#### Material to process
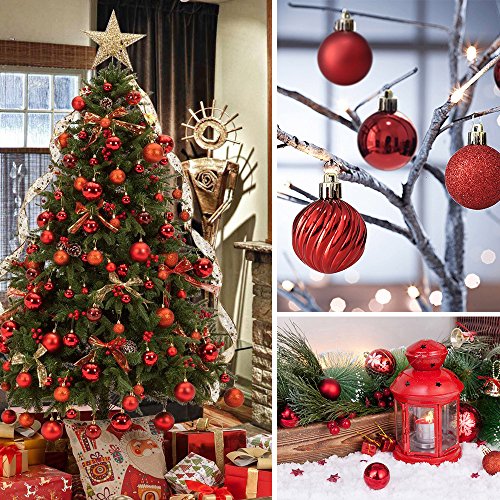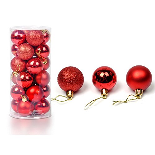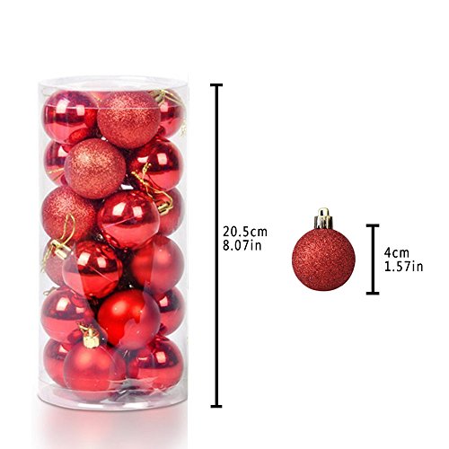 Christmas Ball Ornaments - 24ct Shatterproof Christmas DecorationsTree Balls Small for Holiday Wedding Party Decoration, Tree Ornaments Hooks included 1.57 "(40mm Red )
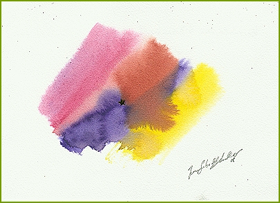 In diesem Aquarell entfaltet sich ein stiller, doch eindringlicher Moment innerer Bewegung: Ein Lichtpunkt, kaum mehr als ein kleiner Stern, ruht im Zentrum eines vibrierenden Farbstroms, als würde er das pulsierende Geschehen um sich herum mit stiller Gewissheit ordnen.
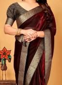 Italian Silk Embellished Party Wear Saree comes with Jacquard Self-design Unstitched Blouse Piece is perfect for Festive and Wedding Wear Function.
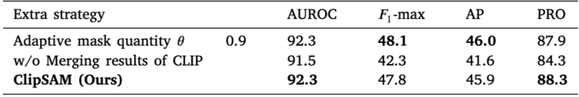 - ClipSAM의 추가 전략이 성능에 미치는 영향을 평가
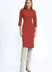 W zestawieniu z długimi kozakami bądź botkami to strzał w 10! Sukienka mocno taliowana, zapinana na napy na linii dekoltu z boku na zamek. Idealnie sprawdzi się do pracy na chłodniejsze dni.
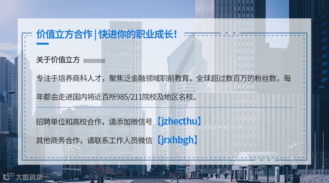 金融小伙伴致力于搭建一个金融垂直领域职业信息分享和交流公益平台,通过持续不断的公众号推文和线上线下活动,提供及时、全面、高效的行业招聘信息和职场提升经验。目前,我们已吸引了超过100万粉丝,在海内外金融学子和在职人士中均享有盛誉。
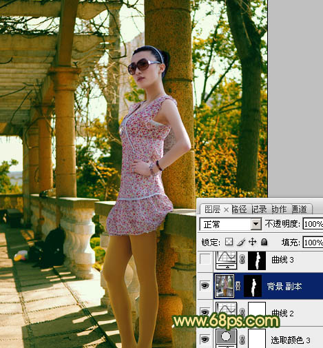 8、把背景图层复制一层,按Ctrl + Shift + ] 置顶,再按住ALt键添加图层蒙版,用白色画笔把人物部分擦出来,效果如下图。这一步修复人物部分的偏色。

---

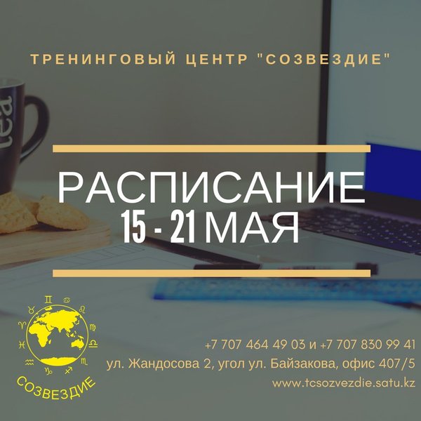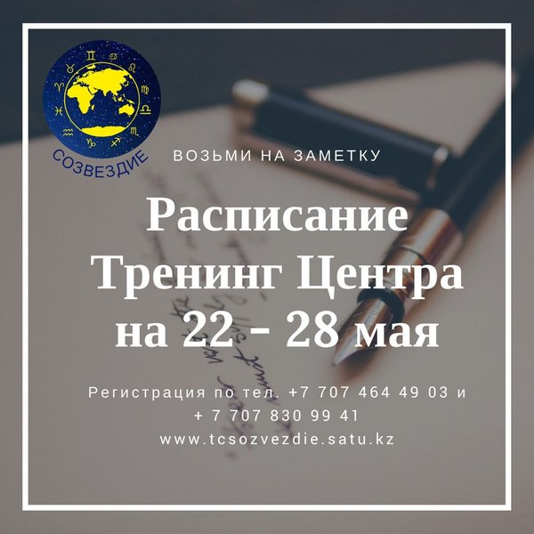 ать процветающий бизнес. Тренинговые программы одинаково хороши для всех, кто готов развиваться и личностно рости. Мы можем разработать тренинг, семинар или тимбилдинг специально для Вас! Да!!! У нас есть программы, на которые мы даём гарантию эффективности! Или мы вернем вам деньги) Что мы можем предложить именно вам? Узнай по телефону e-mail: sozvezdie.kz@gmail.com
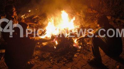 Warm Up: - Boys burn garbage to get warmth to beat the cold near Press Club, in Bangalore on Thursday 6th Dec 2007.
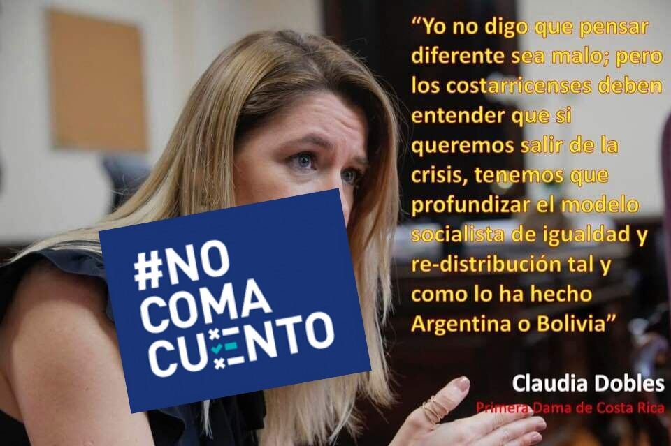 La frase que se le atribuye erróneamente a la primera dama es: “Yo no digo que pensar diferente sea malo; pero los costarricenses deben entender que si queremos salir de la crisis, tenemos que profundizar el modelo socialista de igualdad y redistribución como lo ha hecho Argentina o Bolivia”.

#### Work to complete
The answer must be the lines above from the one containing "Warm Up: - Boys" through the one containing "La frase que", reproduced exactly, with no pictures and nothing else.

#### Result of this exercise
 Warm Up: - Boys burn garbage to get warmth to beat the cold near Press Club, in Bangalore on Thursday 6th Dec 2007.
 La frase que se le atribuye erróneamente a la primera dama es: “Yo no digo que pensar diferente sea malo; pero los costarricenses deben entender que si queremos salir de la crisis, tenemos que profundizar el modelo socialista de igualdad y redistribución como lo ha hecho Argentina o Bolivia”.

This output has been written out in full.